Я любил Эллен, и я хотел знать худшее. Я никогда ее не провоцировал; верный своей природе, я был осторожен и скрытен; я даже не задавал вопросов; но я хотел знать худшее. Эллен не удостаивала меня этой ласки, она не отвечала мне тем же. Она была ко мне привязана – и автоматически признавала, как будто это не стоит обсуждения, что любит меня, – но она безраздельно верила в лучшее обо мне. В этом вся разница. Она никогда даже не искала ту потайную дверь, за которой скрывается заветная комната в сердце, комната, в которой хранятся воспоминания и трупы. Иногда вы находите дверь, но она не подается; иногда подается, а там ничего нет, кроме мышиного скелета. Но вы, по крайней мере, искали. Вот на какие категории по-настоящему делятся люди: не на тех, у кого есть секреты и у кого их нет, а на тех, кто хочет знать все и кто не хочет. Я утверждаю, что сам поиск – это признак любви.

С книжками происходит похоже. Не точно так же, конечно (этого вообще не бывает), но похоже.

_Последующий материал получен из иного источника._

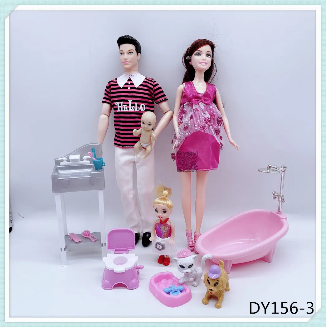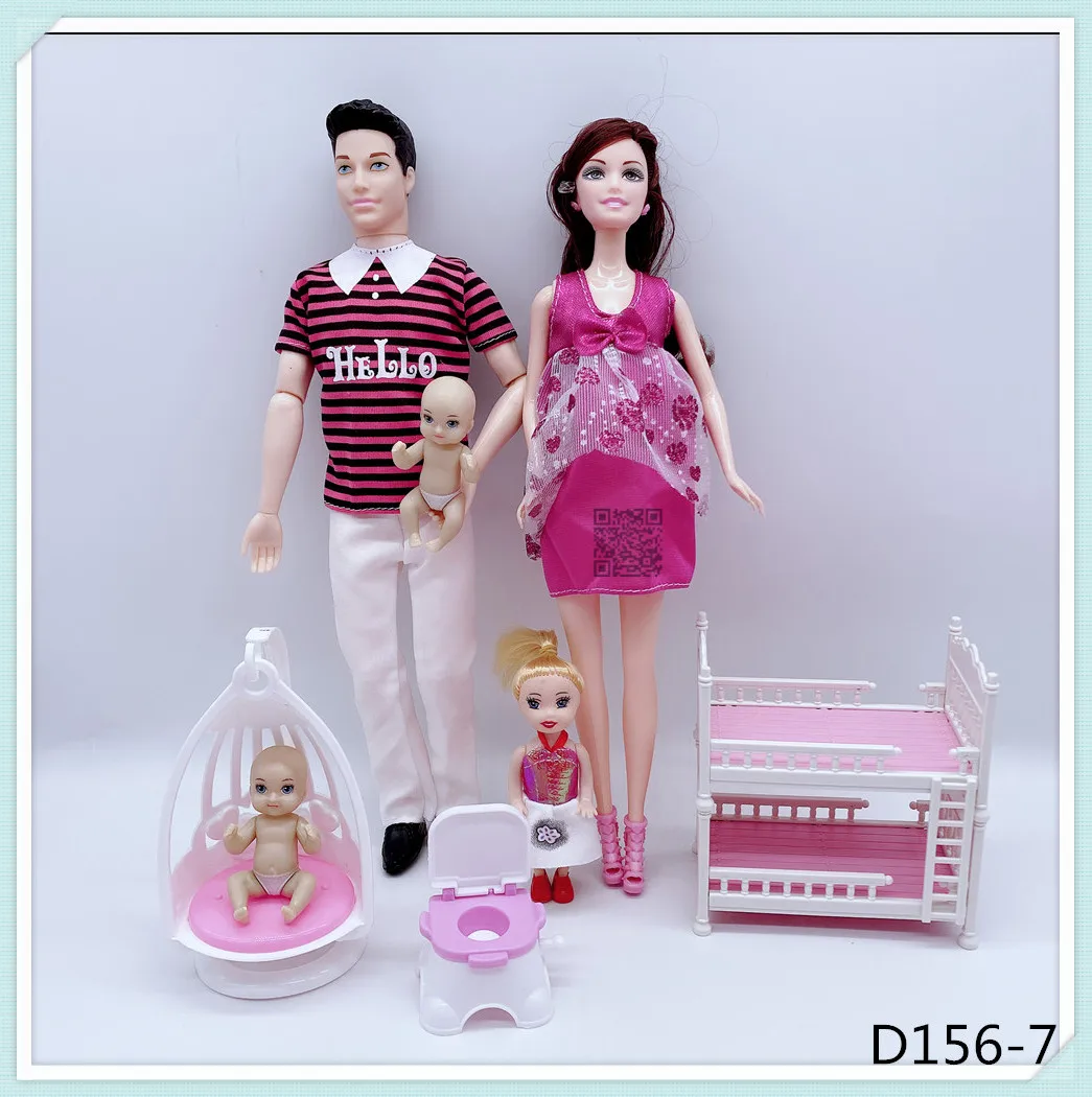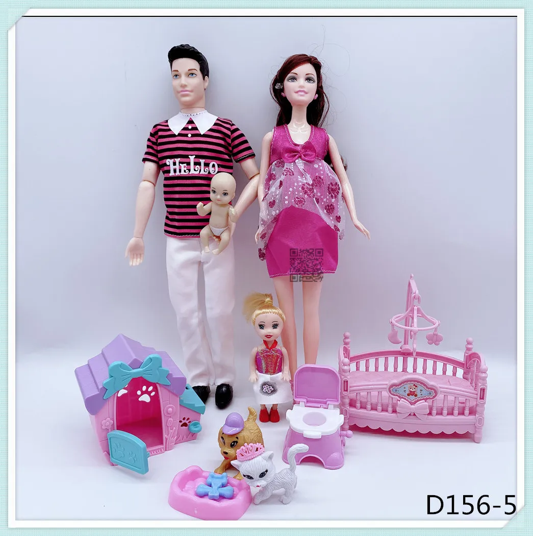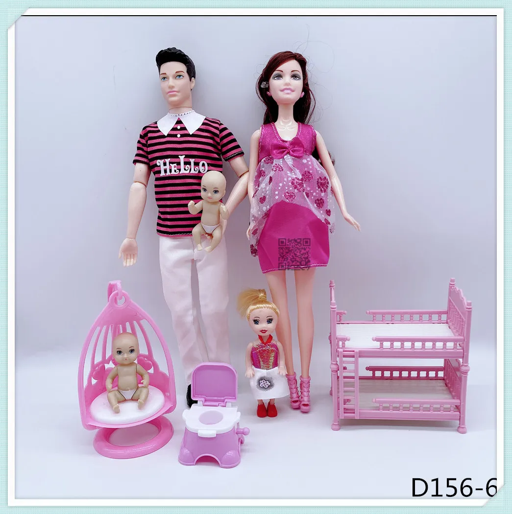 Кукольные костюмы для семьи на 6 человек, мамаПапасынмалышКелликоляска, модные игрушки для девочек, куклы детские игрушки для беременных, подарок на день рождения

Если вам нравится творчество писателя, если вы переворачиваете страницу с одобрением, но не сердитесь, когда вас отвлекают, – значит, вы склонны любить этого автора некритично. Хороший парень, предполагаете вы. Надежный человек. Говорят, он задушил целый отряд пионеров и скормил их стае мурен в пруду? Нет-нет, не может быть: надежный же человек, хороший парень. Но если вы любите писателя, если вам жизненно необходима постоянная доза его ума, если вы хотите его преследовать и отыскать – несмотря на запреты, – тогда слова «слишком много знать» теряют смысл. Порок вы ищете с такой же страстью. Отряд пионеров, говорите? Двадцать семь их было или двадцать восемь? А из красных галстучков он действительно сшил лоскутное одеяло? Правда ли, что, поднимаясь на эшафот, он процитировал пророка Иону? И что завещал свой пруд с муренами местному Дворцу пионеров?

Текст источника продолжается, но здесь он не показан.